A Dance to the Music of Time: 1st Movement
‘Are they going bathing?’ she had asked. ‘I don’t care for it.’
This matter of being able to establish Barbara’s whereabouts for a specific number of hours brought at least limited relief from agonies of ignorance as to what her movements might be, with consequent inability to exercise control over her in however slight a degree; for love of that sort—the sort where the sensual element has been reduced to a minimum—must after all, largely if not entirely, resolve itself to the exercise of power: a fact of which Barbara was, of course, more aware than I.
These torments, as I have said, continued for a number of months, sometimes with great severity; and then one afternoon, when I was correcting proofs in the office, Barbara rang up and asked if I would dine at Eaton Square that evening for the Huntercombes’ dance.

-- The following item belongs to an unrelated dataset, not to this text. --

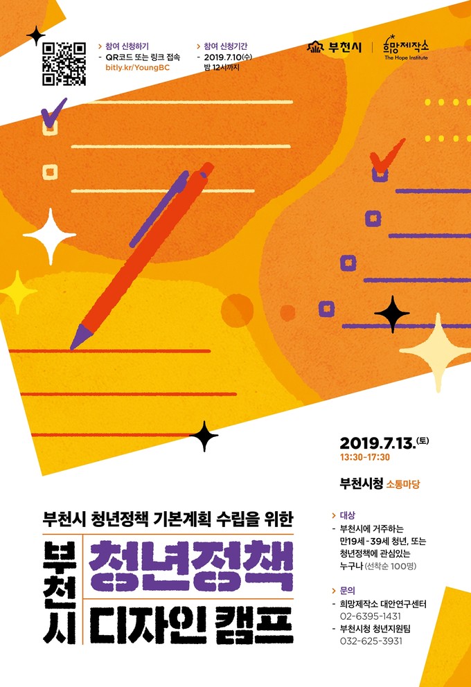 부천시는 오는 7월 13일 시청 소통마당에서 부천시 청년정책 디자인 캠프를 개최한다.

I decided immediately that I would put off Short (my former undergraduate acquaintance, now become a civil servant), with whom, earlier in the week, I had arranged to have a meal, and at once agreed to come. I had experienced the usual feeling of excitement while talking with her on the telephone; but suddenly as I hung up the receiver—thinking that perhaps I was leaving Short rather ruthlessly in the lurch so far as his evening was concerned—I found myself wondering whether I was still in love. Barbara’s voice had sounded so peremptory, and it was clear that someone else had failed her at the last moment. In that there was, of course, nothing to be taken reasonably amiss. Obviously I could not expect to sit next to her at dinner every night of our lives—unless I married her; perhaps not even then. And yet my heart seemed a shade lighter. Was the fever passing? I was myself still barely conscious of its declension. I had not at that time met Barnby, nor had opportunity to digest one of his favourite maxims: ‘A woman always overplays her hand.’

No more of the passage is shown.